The mobilisation through public issues continued to remain extremely low for the second successive month. According to a study conducted by the Delhi-based Prime Database, the primary market witnessed mobilisation through public issues aggregating to a meagre Rs 72 crore.

This mobilisation was similar to Rs 73 crore in April but represented a substantial fall from Rs 1,132 crore in March, Rs 826 crore in February and Rs 1,651 crore in January, most of which in any case was raised by financial institutions.

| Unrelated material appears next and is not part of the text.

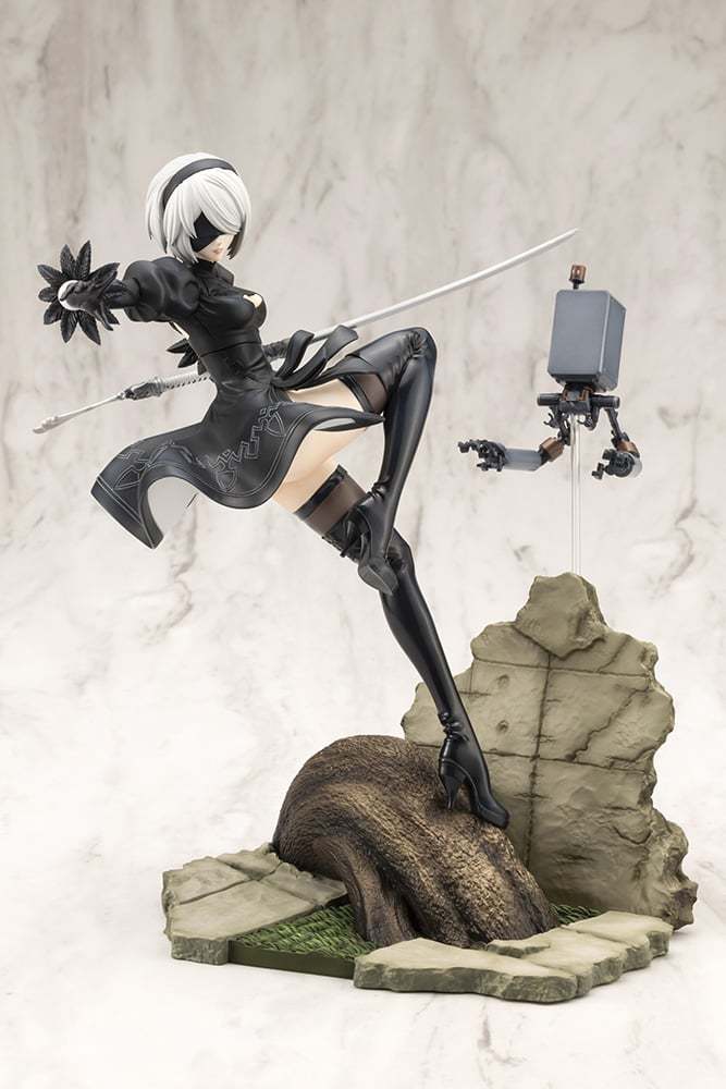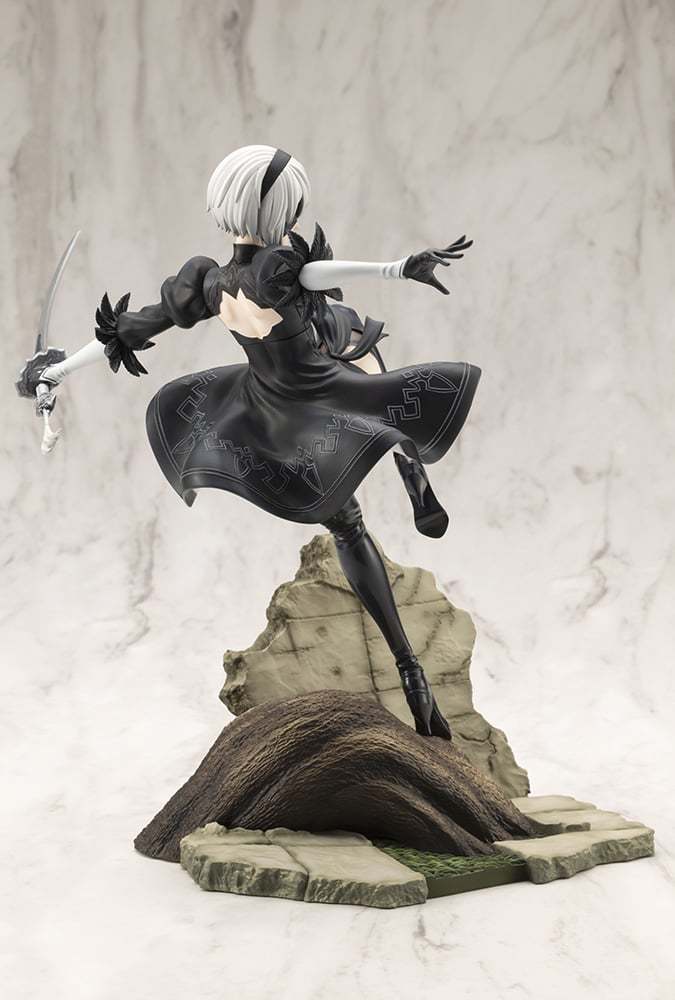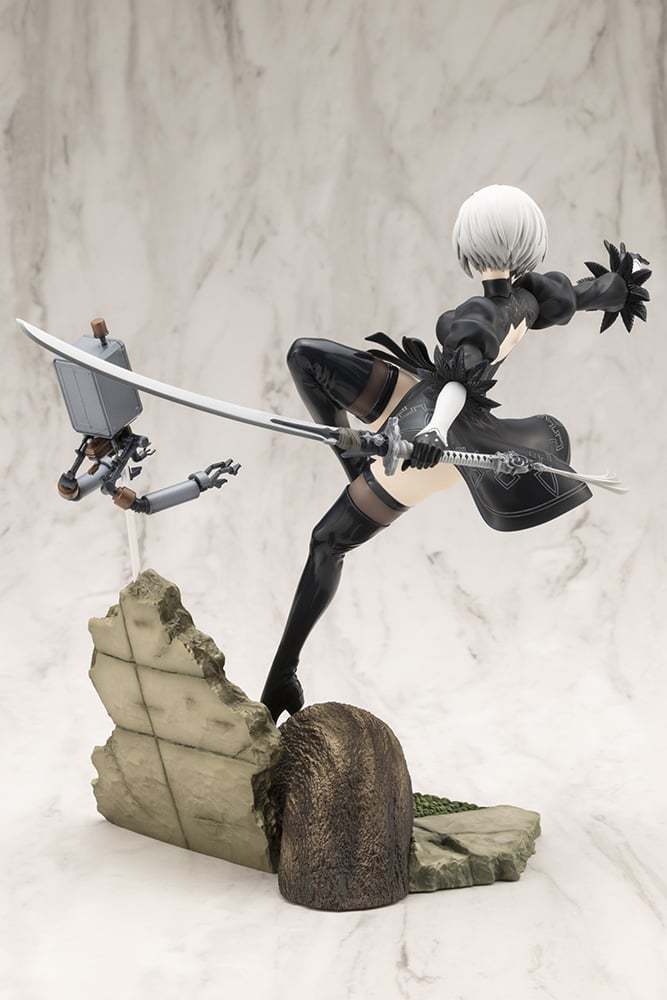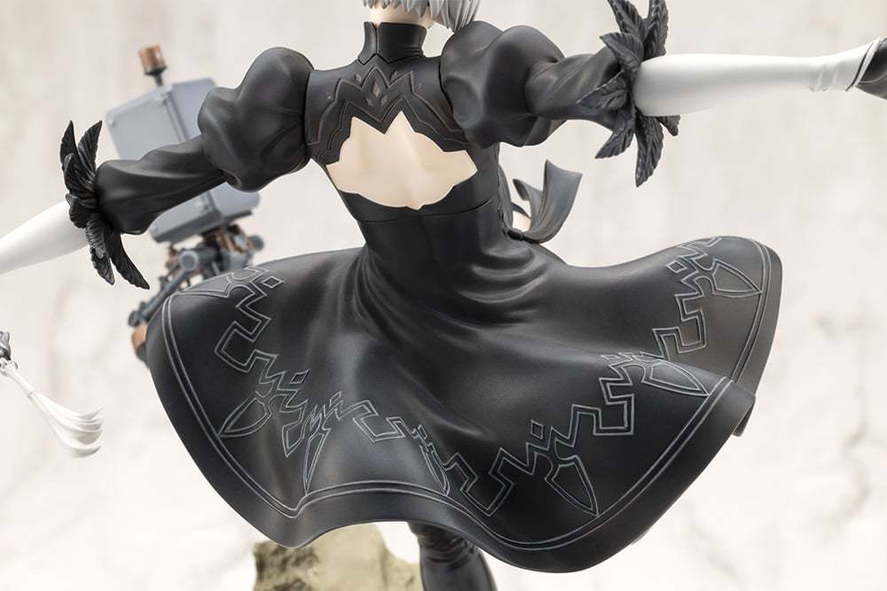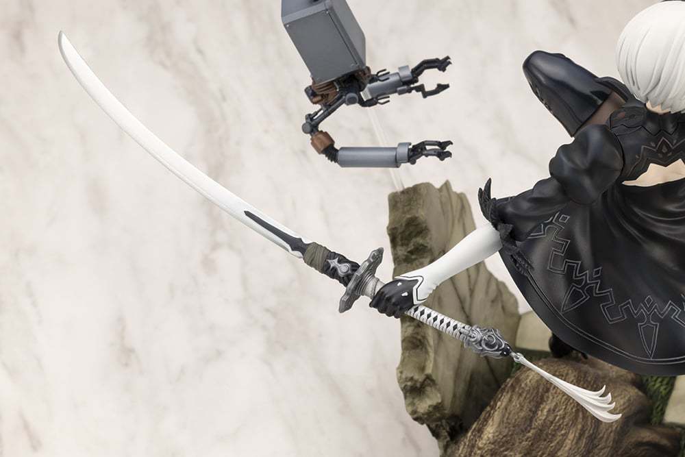 本次的「2B(寄葉 2 號 B 型)」1/8 比例塗裝完成品高約 24 公分,製作出 2B 一腳踏在樹根上,身體騰空,看起來像是準備斬殺敵人的姿態,細節再現了哥德式服裝上的圖案和裝飾,雕刻出衣服隨著姿勢產生的飄逸動態,並附上了未配戴護目鏡的頭雕可以替換展示!塗裝通過微妙的色彩和光澤變化表現出材質的差異,手中的白之契約上的種種細節也都得到了精準的還原!

The number of issues too reached an extremely low level, declining to only 9 in May compared with 15 in April, 16 in March, 24 in February and 34 in January. Interestingly, May 1996 had seen 73 issues while May 1995 had 122 issues. Compared with even the corresponding period of the previous year, the decline in amount mobilisation is 91 per cent and by number of issues it is 87 per cent.

 

According to Prime, poor resource mobilisation is increasingly affecting the countrys industrial growth, specially new projects. Public issues of 1992-93 had helped finance industrial projects worth Rs 15,923 crore. This had more than doubled to Rs 33,229 crore in 1993-94 and had risen further to Rs 38,182 crore in 1994-95.

However, the continuing depression in the capital market since early 1995 resulted in a poor response from the investors. It also led to promoters shelving their issue-raising plans and consequently their projects.

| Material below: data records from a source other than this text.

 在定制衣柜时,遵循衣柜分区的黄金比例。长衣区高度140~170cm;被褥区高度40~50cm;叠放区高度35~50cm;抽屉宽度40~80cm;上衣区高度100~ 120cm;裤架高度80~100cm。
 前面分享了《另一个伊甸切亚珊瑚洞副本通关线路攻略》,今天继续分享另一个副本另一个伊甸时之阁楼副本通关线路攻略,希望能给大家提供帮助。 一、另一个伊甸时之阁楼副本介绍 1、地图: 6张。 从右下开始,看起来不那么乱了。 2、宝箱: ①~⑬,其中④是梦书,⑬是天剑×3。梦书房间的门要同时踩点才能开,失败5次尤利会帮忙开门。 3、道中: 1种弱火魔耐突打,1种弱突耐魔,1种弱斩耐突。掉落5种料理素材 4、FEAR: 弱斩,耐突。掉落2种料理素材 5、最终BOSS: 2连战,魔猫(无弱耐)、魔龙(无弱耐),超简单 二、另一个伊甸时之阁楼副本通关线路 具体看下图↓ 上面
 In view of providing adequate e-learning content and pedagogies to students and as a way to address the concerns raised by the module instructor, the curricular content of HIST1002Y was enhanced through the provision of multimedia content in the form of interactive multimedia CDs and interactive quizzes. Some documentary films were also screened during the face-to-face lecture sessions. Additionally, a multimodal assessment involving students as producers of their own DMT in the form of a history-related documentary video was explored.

Projects implemented via public issues in 1995-96, as compared with 1994-95, fell by over 63 per cent to only Rs 14,040 crore and have further fallen by another 51 per cent to a meagre Rs 6,925 crore in 1996-97.

Significantly, not only has the total mobilisation been declining, but even most of the money raised from the primary market in the past two years has been by the financial sector and not the manufacturing sector.

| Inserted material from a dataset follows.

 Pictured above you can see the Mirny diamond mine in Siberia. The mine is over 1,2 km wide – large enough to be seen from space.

While 83 per cent of the total funds raised in 1994-95 were by the manufacturing sector, this fell to 47 per cent in 1995-96 and to a low of 32 per cent in 1996-97.

The resources raised by the finance sector may ultimately find their way to the manufacturing sector through long/short term debt or through leased assets.

Of the total mobilisation of Rs 11,648 crore in fiscal 1996-97 through public issues, over 60 per cent was debt. quity mobilisation has been taking a consistent beating, down from Rs 13,312 crore in 1994-95 to Rs 8,882 crore in 1995-96 to only Rs 4,671 crore in 1996-97 (of which the private sectors share hit a rock bottom at Rs 2,919 crore)

In 1994-95, the private sector had raised Rs 12,521 crore in equity which had declined to Rs 6,663 crore in 1995-96. The decline in 1996-97 as such is an alarming 57 per cent over the last year and 77 per cent over 1994-95.